Pere Alberch, at the Museum of Comparative Zoology at Harvard, is the
modern spokesman for the importance of teratology in evolutionary
biology. He interprets teratologies as overlooked blueprints for strong
internal self-organization within living organisms. He states,
"Teratologies are a superb document of the potentiality of a given
developmental process. In spite of strong negative selection,
teratologies are not only generated in an organized and discrete manner
but they also exhibit generalized transformational rules. These
properties are not exclusive to teratology; rather they are general
properties of all developmental systems."
The orderly makeup of monsters -- it is after all a well -- formed foot which
erupts out of a mutant Drosophila's forehead -- speaks of a deep underlying
internal force which helps guide the outward shape of organisms.

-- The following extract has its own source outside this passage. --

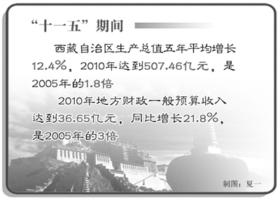 “十一五”时期是西藏发展进程中极不寻常、砥砺奋进的五年。五年来,西藏坚持走有中国特色、西藏特点的发展路子,大力实施“一产上水平、二产抓重点、三产大发展”的经济发展战略,牢牢把握推进跨越式发展和长治久安这个主题,坚定不移抓发展,尽心竭力惠民生,经济社会发展亮点纷呈。
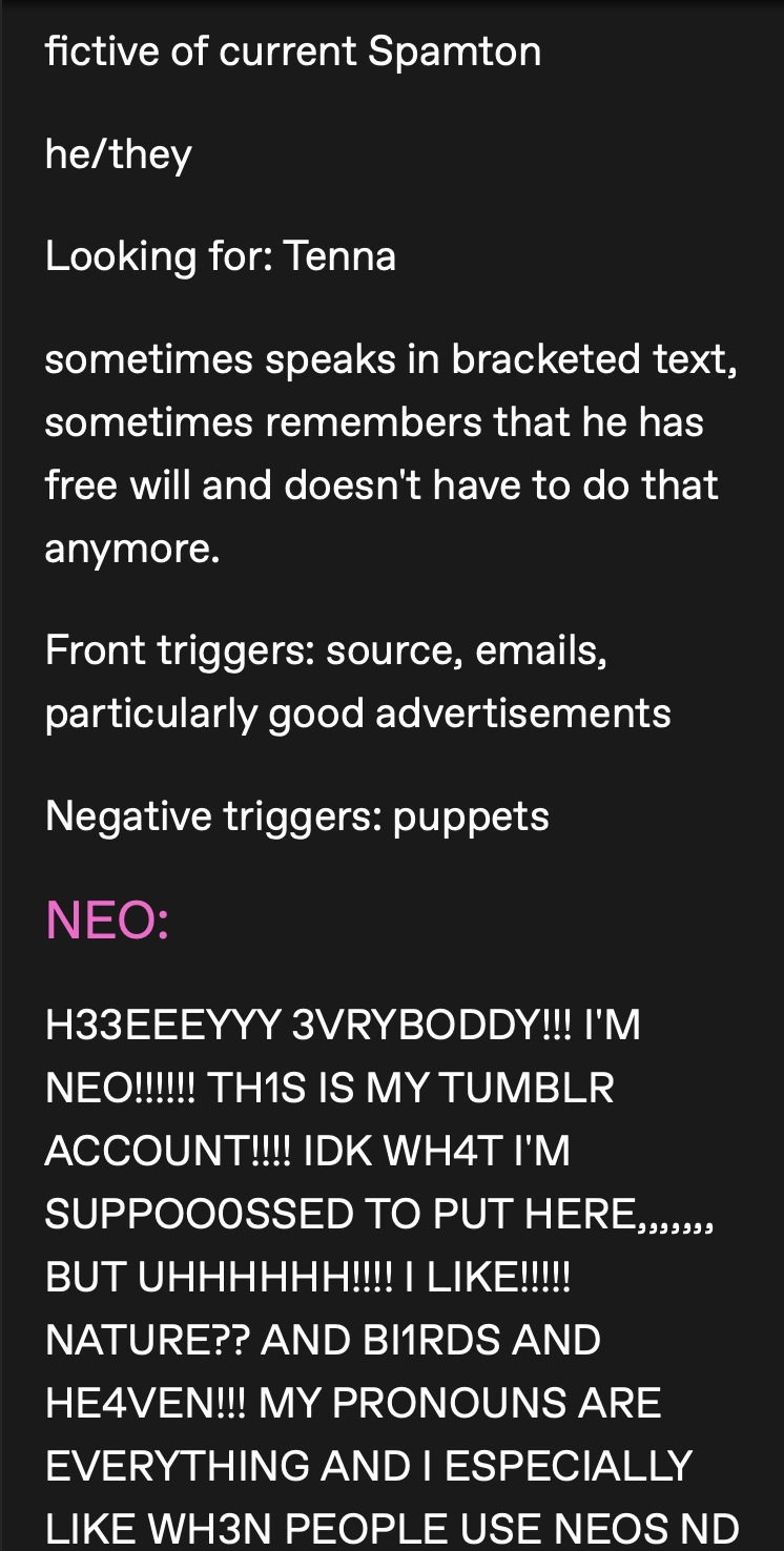 >>563639636Even outside of here, most pointers indicate that the spamtennafags have actually played the game as evidence by the time they shat on the artist I mentioned for NOT having played the game, I remember when the new chapters first released they used to make charts and shit where they collected evidence of spamtenna having happened with dialogue screenshots and all the same way an autist would present their schizotheory in image formatI'm not saying it can't happen, there are definitely fujo secondaries, but my main point is that the secondaries have been shown to be the outliers so far

This
"internalist" approach differs from the orthodox "externalist" approach
of most adaptationists who see ubiquitous natural selection as the major
shaping force. As a dissenting internalist, Alberch writes:
The internalist approach assumes, and this is a key assumption, that
morphological diversity is generated by perturbations in parameter
values (such as rates of diffusion, cell adhesion, etc....) while the
structure of the interactions among the components remains constant.
Given this assumption, even if the parameters of the system are randomly
perturbed, by either genetic mutation, environmental variance or
experimental manipulation during development, the system will generate a
limited and discrete subset of phenotypes. Thus the realm of possible
forms is a property of the internal structure of the system.
Thus we have two-headed freaks for perhaps the same reason we have
bilateral arms; most likely neither is due to natural selection. Rather,
internal structure, particularly the structure of the genome, and the
accumulated morphogenesis of development, may be an equal or greater
influence upon the variety of biological organizations possible.